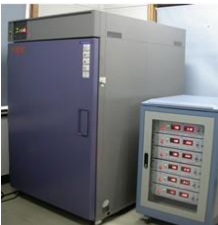
Test vita ad alte temperature per cuscinetti ruota

I nostri laboratori sono, inoltre, dotati di apparecchiature di misura e controllo che permettono di eseguire i test più avanzati sulla qualità e durata del prodotto: test dimensionali, test ad alta temperatura, test vita, nonché controlli metallurgici.
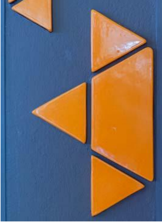
Synagoge versiering wand

★ ★ ★

### [Task to complete]
The listing above needs to be output again exactly. Don't include the pictures.

### [Response to this task]
Test vita ad alte temperature per cuscinetti ruota

I nostri laboratori sono, inoltre, dotati di apparecchiature di misura e controllo che permettono di eseguire i test più avanzati sulla qualità e durata del prodotto: test dimensionali, test ad alta temperatura, test vita, nonché controlli metallurgici.
Synagoge versiering wand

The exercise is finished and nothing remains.